Why heavyweight stacks lose for this use case

When someone in r/selfhosted recommends Prometheus for cron monitoring, the responses are politely uncomfortable. The thread acknowledges Prometheus is great — and then explains why it's not the answer here.

Setup cost is wrong-shaped. Setting up Prometheus, alertmanager, exporters, and a dashboard takes a weekend. Sending a curl ping takes thirty seconds.

The mental model doesn't fit. Prometheus thinks in time series; cron jobs are events. You can shoehorn events into time series, but the result is awkward and the alerts are unintuitive.

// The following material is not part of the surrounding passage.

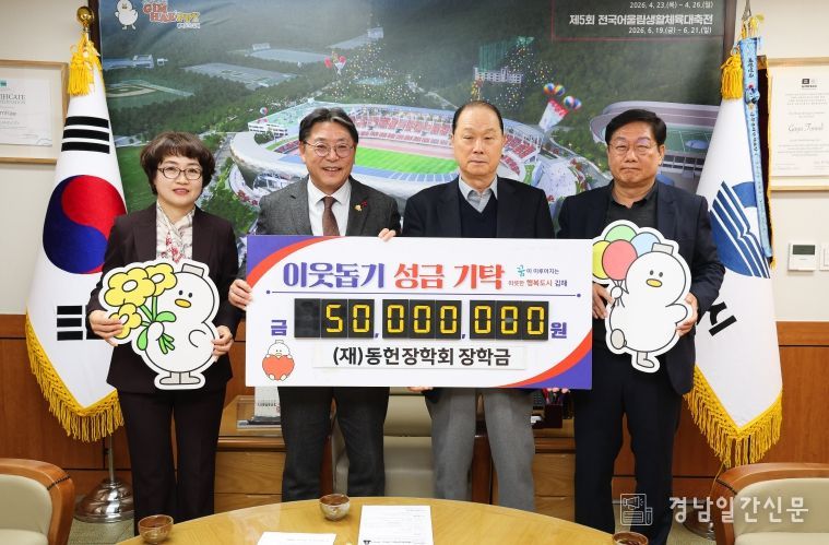 홍태용 김해시장은 “어려운 가정형편으로 학업에 부담을 느끼는 학생들을 위해 따뜻한 나눔을 실천해 주신 동헌장학회에 깊이 감사드린다”며 “학생들에게 큰 희망과 용기가 될 것”이라고 밝혔다.

Operational burden. Prometheus and its friends are services that need monitoring of their own. For a side project, monitoring the monitoring is overhead nobody signed up for.

Alert fatigue is real. Heavy stacks tend to generate alerts that aren't actionable. The operator stops trusting them.

The simple heartbeat pattern dodges all four. It's not that Prometheus is wrong; it's that side-project cron is the wrong shape of problem for it.

The mental model behind the pattern

The deeper reason the simple stack wins is a mental model thing. The simple stack treats job runs as events: a thing happened, here's what it was, here's when. The heavy stack treats system state as a continuous signal: how is the system doing right now.

Cron jobs are events. Trying to convert them into continuous signals adds friction without adding insight. Accepting that they're events — and using event-shaped tools — keeps the design honest.

This is part of why the upvoted answers cluster. They share a worldview: cron monitoring is event monitoring, not metric monitoring. Event monitoring deserves event tools.

Practical setup, ten minutes

If you want to deploy this pattern on your side projects today, the ten-minute version:

Run an ntfy server (or use ntfy.sh for free).

In each cron job script, wrap the work in a small wrapper:

#!/bin/sh
set -e
URL="https://ntfy.example/cron-$JOB_NAME"
START=$(date -Iseconds)
if ./run-the-real-job.sh; then
  curl -s -d "OK $START" "$URL" >/dev/null
else
  curl -s -H "Priority: high" -d "FAIL $START exit=$?" "$URL" >/dev/null
  exit 1
fi

Subscribe to the relevant topics on your phone.
Done.

A failed cron now reaches you within seconds. A successful one logs quietly. You can extend this — add a Healthchecks ping for non-runs, add a tiny SQLite collector for history, add tags per job — but the base setup is functional immediately.

When to upgrade to something heavier

The heartbeat pattern stops being enough when:

You have dozens of jobs with complex inter-dependencies.
You need historical analysis across long windows.
You're running cron on behalf of customers who have SLAs.
You're starting to see overlapping runs and concurrency issues.
The cron infrastructure has become the product, not the support.

When those conditions hit, upgrading to Healthchecks-self-hosted, then to Cronicle, then eventually to a proper job scheduler — Airflow, Temporal, Argo, etc. — starts to make sense.

The key is to upgrade in response to felt pain, not in anticipation of it. Premature upgrade is the failure mode that gets people stuck installing Grafana when they should be writing scripts.

What this says about side-project tooling generally

The broader pattern is worth naming. Side projects benefit disproportionately from tools that match the event-shaped, single-operator, low-stakes reality of side projects. They are penalized by tools designed for continuous-state, team-scale, high-stakes production.

The upvoted r/selfhosted answers know this. They're recommending tools that respect the operator's time and the operator's mental model. The heavyweight recommendations don't — and the upvotes reflect it.

For anyone choosing tooling for a side project, the rule of thumb is: prefer the tool that fits how big your problem is right now, not the tool that would fit a problem ten times larger. The latter ends up unused.

The summary

Developers asking about cron monitoring are mostly asking for signal, not infrastructure. Heartbeats — ntfy, gotify, Healthchecks pings — deliver the signal in minutes with no operational burden. Heavyweight monitoring is the right answer to a different question. Match the tool to the question and the side project keeps working without the cron observability project becoming the side project's main job.